(Desde Cosquín)

Nada de lo que pasa en Cosquín pasa desapercibido. Al menos, lo que tiene que ver con los artístico y sus implicancias. Más allá de sus altos y bajos a lo largo de la historia, el Festival de Cosquín es el más importante del país y uno de los más trascendentales de Latinoamérica. El escenario Atahualpa Yupanqui, como su nombre lo indica, es un espacio con memoria. Por allí han pasado nombres como Jorge Cafrune, Mercedes Sosa, José Larralde, Eduardo Falú y, entre tantos otros, Horacio Guarany, recientemente fallecido. Entonces, todo lo que sucede aquí cobra especial relevancia, toma una magnitud a veces impensada. 

En Cosquín –en sus calles, su río, sus peñas, sus casas y campings– todo se potencia: la música, la poesía, lo humano, los sentimientos, las contradicciones, los vínculos, los egos pero también el espíritu solidario. Cosquín es desafiante, intenso, movilizante, cambiante; es una aventura y nadie sale ileso. Es decir, Cosquín te modifica, necesariamente. Es una caja de resonancia, un imán: todos quieren estar. Pero, si bien el foco central está puesto en lo que sucede en la plaza Próspero Molina, lo cierto es que el festival también es una excusa (o el disparador) para que se active en toda la ciudad una sobredosis de actividades culturales, que van desde encuentros de poetas, toques callejeros hasta muestras, ferias de artesanías, charlas, marchas (como Caminata la de la Tierra, el Agua y la Vida) y las ya clásicas peñas. Todo esto, en términos generales.

Pero la que hace unos días terminó es la 57 edición del festival. Una edición que deja mucha tela para cortar con un saldo más que positivo. Algo se está moviendo en Cosquín en los últimos años y parece ir hacia una dirección reconfortante. Recambio. Tal vez sea esa la palabra clave. Se está produciendo un recambio generacional sobre el Atahualpa Yupanqui. Intencional, buscado, necesario y que hasta cae de maduro. Un cambio que se da, al menos, por dos factores preponderantes: una generación de músicos con empuje y cosas para decir y una Comisión con ganas de escuchar y atender a nuevas propuestas. No es fácil, no hay lugar para todos, hay pasos en falsos y aciertos, sigue habiendo regiones o estilos que no están del todo representados en el escenario (como la música patagónica o la cuyana), pero hay mucha predisposición y eso es más que válido. 

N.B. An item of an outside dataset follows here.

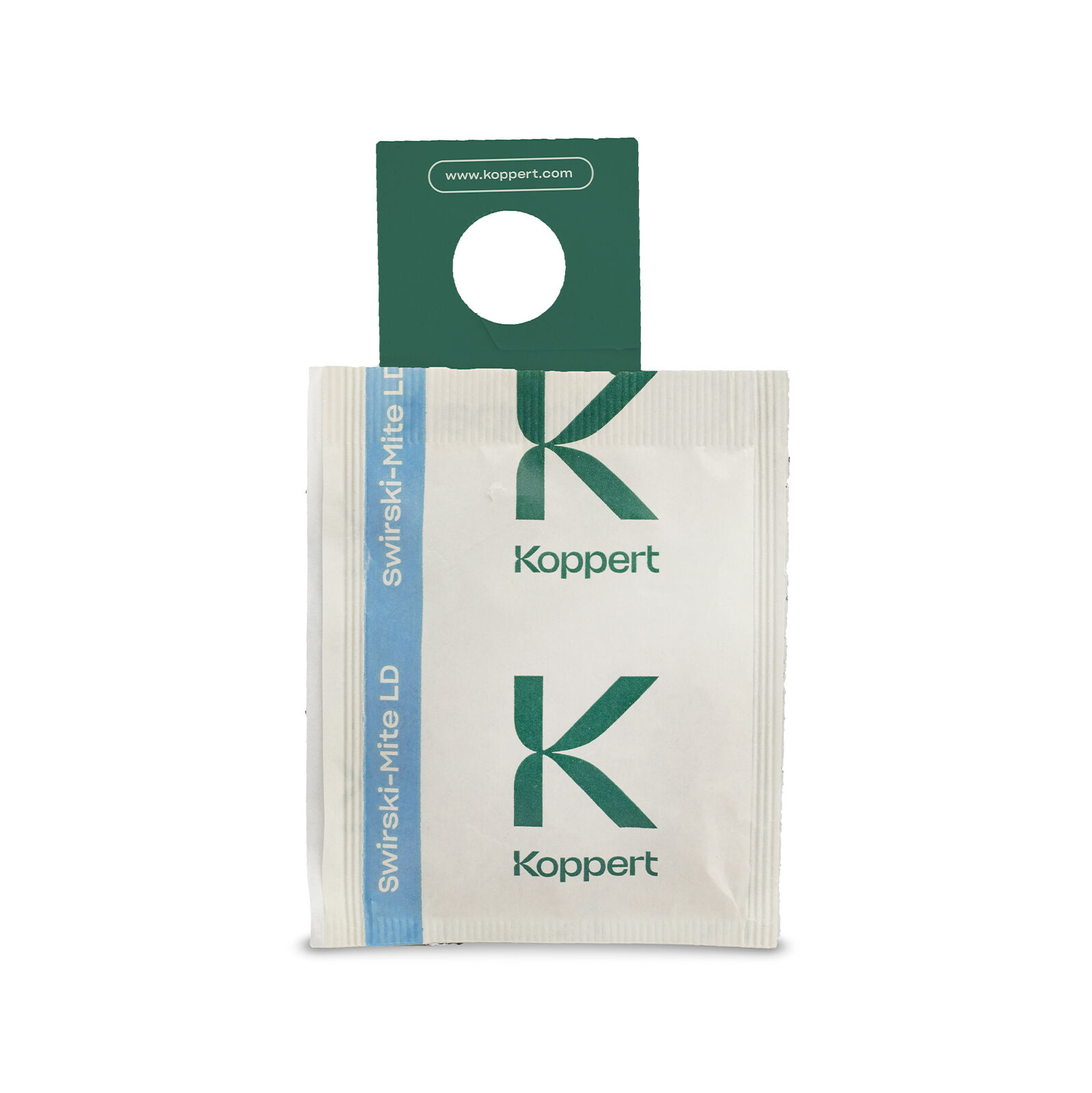 La dosis de Swirski-Mite LD depende del clima, el cultivo y la densidad de la plaga y siempre se debe adaptar a su situación particular. Empiece la introducción preventivamente o tan pronto como se detecten los primeros ácaros plaga en el cultivo. Use, como mínimo, 4,000 sobres por hectárea y cuélguelos repartidos uniformemente por el cultivo. Si no se logra controlar la plaga, la suelta se debería repetir tras 5-6 semanas. Si desea asesoramiento sobre la mejor estrategia a seguir en su situación, consulte a un especialista de Koppert o a un distribuidor de productos Koppert autorizado.

«En 2015, no venía nadie a la Plaza, fue muy triste», desliza uno de los encargados de programación, miembro de la Comisión organizadora. En esta edición, salvo en alguna fecha floja, la plaza tuvo un 80 por ciento de su capacidad cada día. En las últimas dos ediciones, primó un criterio de programación que apuntó a subir el nivel artístico, acortar las grillas de programación –en 2014, por ejemplo, cada luna era maratónica–, poner por delante el concepto antes que los nombres y darle lugar a nuevos cantores, grupos e intérpretes que le esquivan al aplauso fácil. Este año, además, no hubo grandes polémicas; salvo un comentario desafortunado de Dino Saluzzi, que tal vez no estuvo en sintonía con el clima general.